The simple formula used in many teams is LTV = ARPU × gross margin ÷ churn. It assumes stable churn and no discounting. As a first pass, it works well to compare markets or plans. If you want to account for time value of money, you can apply a monthly discount rate. A common shortcut is LTV ≈ ARPU × gross margin ÷ (churn + discount). It is a clean approximation of an infinite discounted series.
What the ratio means
If you add CAC, you can see LTV:CAC. A ratio above 3:1 is often cited as healthy for SaaS, but context matters. Sales cycles, payback time, and cash needs vary by stage. A 2:1 ratio can be fine if you have strong upsell or very short payback. Use the ratio as a guide, not a hard rule.
Sensitivity matters
Small changes in churn move LTV a lot. Moving from 3% churn to 2% churn increases lifespan from 33.3 to 50 months. That adds 50% more months of margin. If you run tests, track churn cohorts by signup month to see whether retention improves. ARPU increases also help, but watch for side effects. Price increases can raise ARPU while raising churn. Always check both sides.
Example
A product with $25 ARPU, 80% gross margin, and 3% churn has monthly margin of $20. LTV (simple) is $20 / 0.03 ≈ $666.67. With a 0.8% monthly discount, LTV is about $20 / 0.038 ≈ $526.32. If CAC is $120, the LTV:CAC ratio is 4.39:1 using the discounted figure. That leaves room for paid channels and partner fees.
More reading
- Investopedia’s overview of Customer Lifetime Value explains common inputs and formulas.
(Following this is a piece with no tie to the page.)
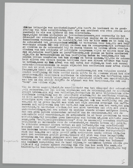 en ergeren. Nooit immers vloeit de intentie geleidelijk en harmonisch in den vorm over; er is altijd de kloof tusschen beide, de scheiding tusschen de schoone troebelheid van het voorstadium en de moeizame nuchterheid van het ‘scheppen’. Heeft God de wereld ook op zulk een krukkige manier geschapen? Is het wellicht te wijten aan deze moeizame strijd tusschen intentie en vorm, dat het Kwaad aan God's verheven aandacht ontsnapte, is het Kwaad soms God's puberteitsverschijnsel geweest?... Hoe het zij, mr. X., die zich hoogstens een God in het diepst van zijn gedachten waant, en er dus niet aan denken zal omtrent God een puberteits-mythologie te gaan fantaseeren, ontdekt in den vorm iets stugs, iets vijandigs; hij ontdekt in den vorm een verwantschap met de logheid en onhandelbaarheid van de gearriveerde ouderen, die hem tot verzet, tot scheppen prikkelde. Dit is een smartelijke ervaring, die men wel kan wegduwen, maar niet ongedaan maken, de ervaring, dat de vorm zich niet gewillig geeft, zich als het ware partijganger toont van het oudere geslacht, zich verweert tegen onstuimigheid en goede bedoelingen. Uit deze ervaring ontstaat de gespannen, de overspannen verhouding tot den vorm; uit deze oervijandschap der puberteitsjaren slechts is de pathetische vereering te verklaren, waarmee de aestheten later den eenmaal getemden vorm aanbidden.

- For writing clear assumptions in docs, the PlainLanguage.gov guidance can help your team avoid confusion.
Editorial note: Calculations were assisted by AI and reviewed by a human editor. For finance-sensitive decisions, verify with your analyst or accountant.
Pro-Tips for Getting the Most Out of Retention and LTV
- Model by plan. Churn and ARPU often differ across tiers. Run the estimator per plan and weight by mix.
- Track payback time. Many teams target CAC payback under 12 months even if LTV:CAC is strong.
- Update monthly. As churn shifts, your LTV moves fast. Small changes drive big strategy shifts.